What’s Wrong With “The Bible”

I had the opportunity to sit down and watch the first part of the new TV series The Bible last night. After seeing many commercials for it and even reading a tweet from Tim Tebow himself, I thought I better sit down and watch it. To be completely honest, I don’t think too highly of it. I missed the first about 20 minutes of it, and came in when Abraham and Sarai are trying to figure out how to have kids, Sarai finally admits that Abraham should try with her servant, Hagar.

For those of you who know the biblical story, there are many things that happen in the beginning (Genesis). The story felt so rushed as it pointed out the things the filmmakers viewed as important, but it seemed to me to leave many things out.

One of the things I appreciated about the show was that it really made me see things from the humans perspective as it was telling the story.

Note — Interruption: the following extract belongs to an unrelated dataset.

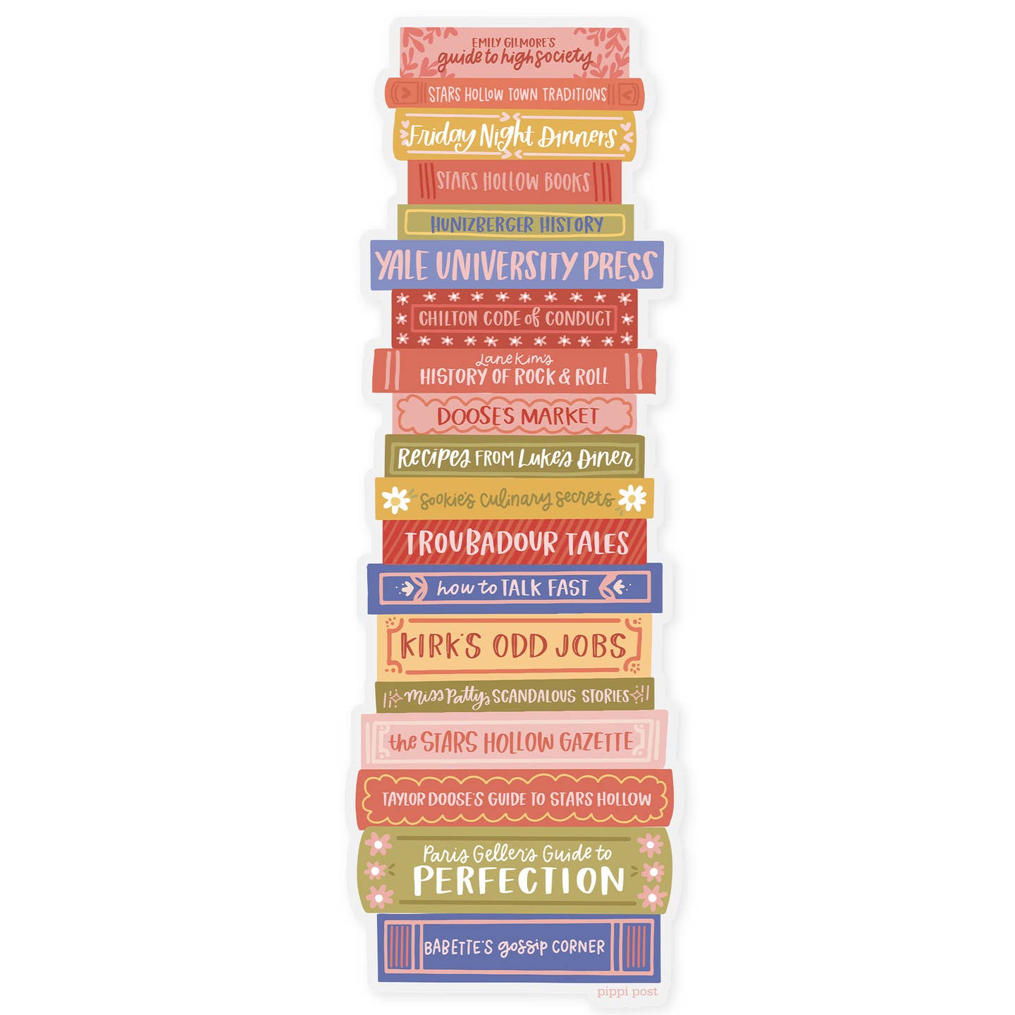 Channel your inner bookworm with this Stars Hollow Book Stack Transparent Bookmark! Featuring hand-illustrated spine titles inspired by iconic Gilmore Girls moments—from Friday Night Dinners to Kirk’s Odd Jobs—this clear bookmark is perfect for fans of Rory, Lorelai, and all things cozy and literary. Lightweight and durable, it’s a dreamy companion for your current read, planner, or even your Kindle case. A sweet gift for book lovers, Gilmore Girls fans, or anyone who thrives on a little small-town charm. Add it to your stationery stash or wrap it up for your reading buddy’s next birthday or book club win. Material: Acetate Size: 2×6.5"

For example, Abraham had tears streaming down his face as he offered his one and only son as a sacrifice to God. It’s really easy to read through these stories and causally pass over the emotional side that the biblical figures had to deal with.

The other thing I noticed was that it actually does a pretty good job of ultimately pointing to God. God wasn’t portrayed as a big bad guy or someone hell-bent on destruction but as the God who continually cares for his people.

Now my hesitations with the show: it seemed like they focused far too much on the human side and how mankind was continually doing good things and missing many of the effects of sin. Sodom and Gomorrah especially felt very off to me. The angels who escorted Lot and his family out of the city strike the men trying to get into Lot’s house with blindness, then run down a street and turn into ninjas with swords single handedly killing 10 men. As I’ve read through Scripture, I don’t see a need to add any violence to it-there’s quite enough in there to fill an R-rated film as it is. Finally, I didn’t understand why they picked the stories they did and spent the amount of time they did. The story of Sodom and Gomorrah was given 10-15 minutes of the 2 hour movie that covered creation through the crossing of the Red Sea. I understand that there’s only so many events they can cover from the Bible in a 10 hours mini series, but it seems that instead of majoring on the major themes, they majored on some of the minor stories to make it more exciting.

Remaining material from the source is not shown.